One of the central results for stochastic gradient methods was that for a sufficiently small step size, the expected average squared norm of the gradients corresponding to the first $K$ iterates of a stochastic gradient method can be bounded as follows:
$$\mathbb{E} \left[\frac{1}{K}\sum_{k = 1}^K \lVert\nabla f(\theta_k)\rVert_2^2\right] \leq \; \alpha L M + \frac{2(f(\theta_1) - f_{inf})}{K \alpha}$$
For large $K$, the upper bound is proportional to the step size $\alpha$, and the noise of the stochastic vectors embodied by the term $M$. This relationship suggests that we can lower the expected average squared norm of the gradients by decreasing the step size and the noise term. In this experiment, we examine this relationship empirically for the training of neural networks.

In [None]:
# Load libraries
import tensorflow as tf
from tensorflow import keras
import numpy as np
import pandas as pd

## Training Set

As the training set for the experiment, we use a downscaled and downsampled version of the famous MNIST dataset. Each input $x \in \mathbb{R}^{14 \times 14}$ is a $14 \times 14$ greyscale image that shows either the digit three or six. Respectively the output $y \in \{0,1\}$ takes on the value 0 for the digit three and 1 for the digit six. 

In [None]:
# Load the mnist data set from the keras API
mnist = keras.datasets.mnist
(X, y), (X_test, y_test) = mnist.load_data()

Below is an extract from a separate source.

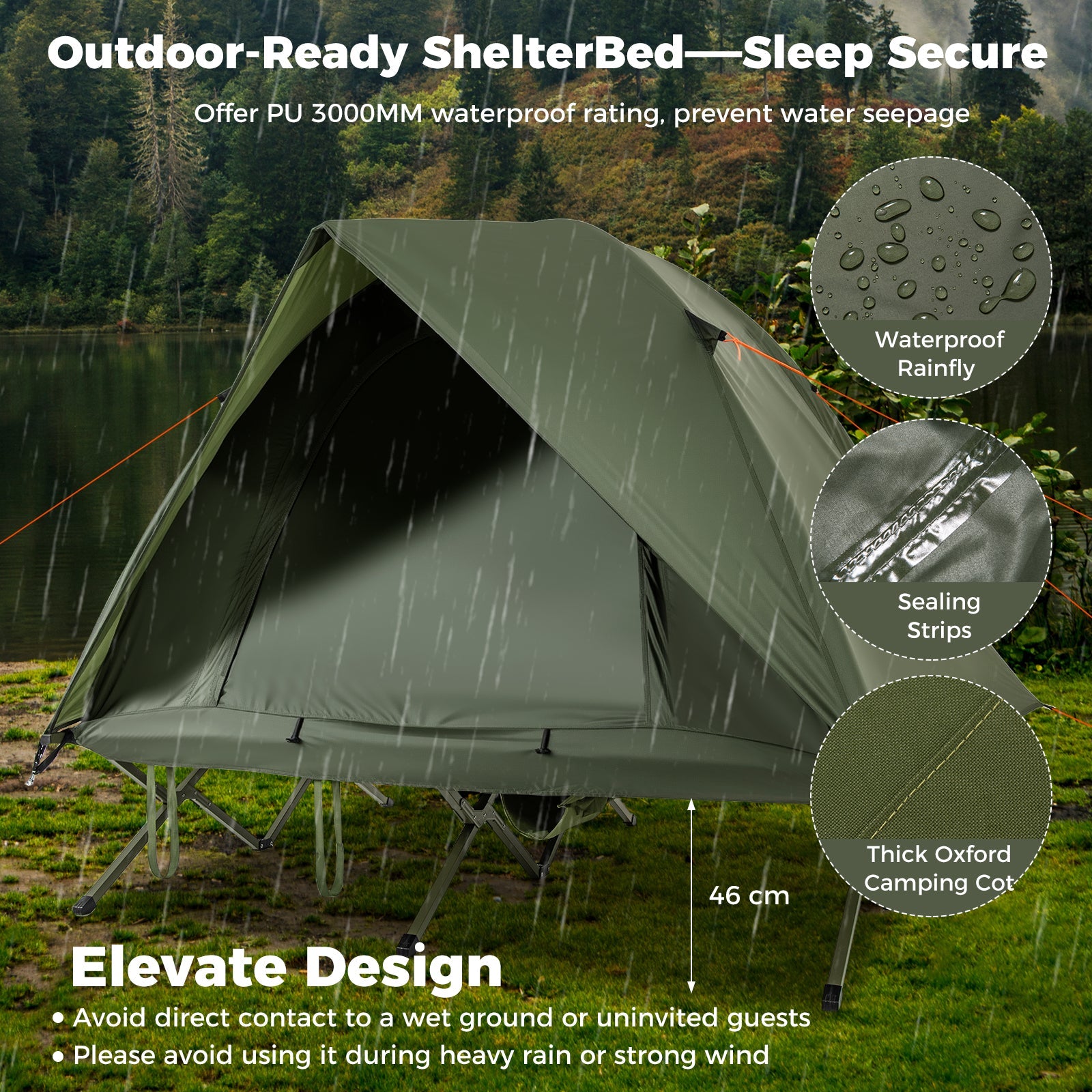 2-Person Camping Cot Tent Foldable Off-Ground Camping Combo for Adults-Green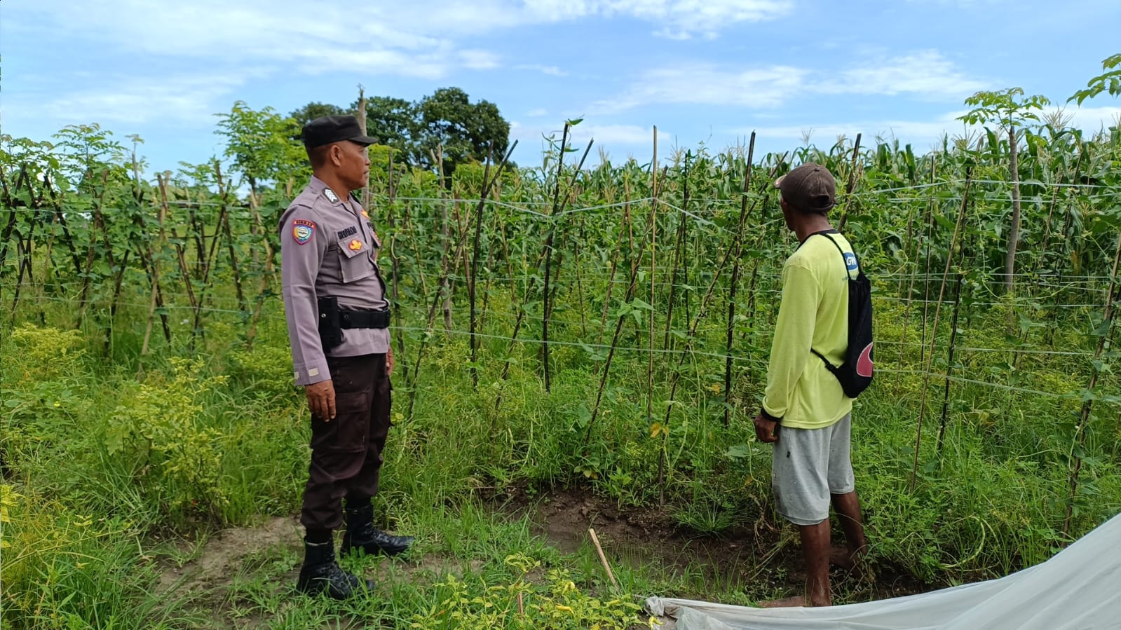 Sumbawa Besar–NTB, Dalam upaya mendukung ketahanan pangan nasional, Bhabinkamtibmas Polsek Buer, Bripka Heriyanto, melaksanakan kegiatan sambang ke kebun milik warga binaannya di Desa Tarusa, Sabtu (05/04/25).

# Subset the Classes 3 and 6
X = X[(y == 3) | (y == 6)]
y = y[(y == 3) | (y == 6)]

# Normalize the brightness of the inputs to the range [0,1]
X = X[..., np.newaxis]/255.0

# Scale down the pictures from 28x28 to 14x14 to reduce the computiational cost
X = tf.image.resize(X, (14,14)).numpy()
X = np.squeeze(X, axis=3)

# Change the labels to 0 for the digit 3 and 1 for the digit 6
y[y == 3] = 0
y[y == 6] = 1

# Transform the training set into the right format
y = np.asmatrix(y).transpose()
X = np.reshape(X, (-1, 196))

# Compute the training set size
n = X.shape[0]

## Neural Network

We use a neural network with $14 \times 14$ input neurons, three hidden layers with width ten, and a single output neuron. As the activation function for the hidden neurons, we use the ReLU and employ the logistic function for the output neuron.

In [None]:
def build_model(input_shape=[14*14], n_hidden=3, width=10, seed=42):
  """ Builds a neural network model

    Args:
        input_shape (list): Shape of the input layer
          (default is [14*14])
        n_hidden (int): Number of hidden layers
          (default is 3)
        width (int): Width of the hidden layers
          (default is 10)
        seed (int): Seed that makes the inialization of the model reproducible
          (default is 42)

    Returns:
        tf.keras.model: Initialized neural network model
  """

  # Initialize Neural Network Model
  tf.random.set_seed(seed)
  model = keras.models.Sequential() 

  # Add input layer
  model.add(keras.layers.InputLayer(input_shape=input_shape))

  # Add hidden layers
  for layer in range(n_hidden): 
    model.add(keras.layers.Dense(width, activation="ReLU"))

  # Add output layer
  model.add(keras.layers.Dense(1,activation="sigmoid"))

  return model

## Determine the Initial Iterate

Since we are mainly interested in the asymptotic behavior, we want the second term in boundary $$\mathbb{E} \left[\frac{1}{K}\sum_{k = 1}^K \lVert\nabla f(\theta_k)\rVert_2^2\right] \leq \; \alpha L M + \frac{2(f(\theta_1) - f_{inf})}{K \alpha}$$ to vanish. One way to achieve this is by choosing an initial value $\theta_1$ for which the difference $f(\theta_1) - f_{\inf}$ is small. We determined such an initial value by applying gradient descent for 25,000 iterations.

In [None]:
# Initialize neural network with 3 hidden layers with width 10
model = build_model()

# Perform 25.000 steps with gradient descent
model.compile(loss="binary_crossentropy",
              optimizer=keras.optimizers.SGD(learning_rate=0.1))
model.fit(X, y, batch_size=n, epochs=25000)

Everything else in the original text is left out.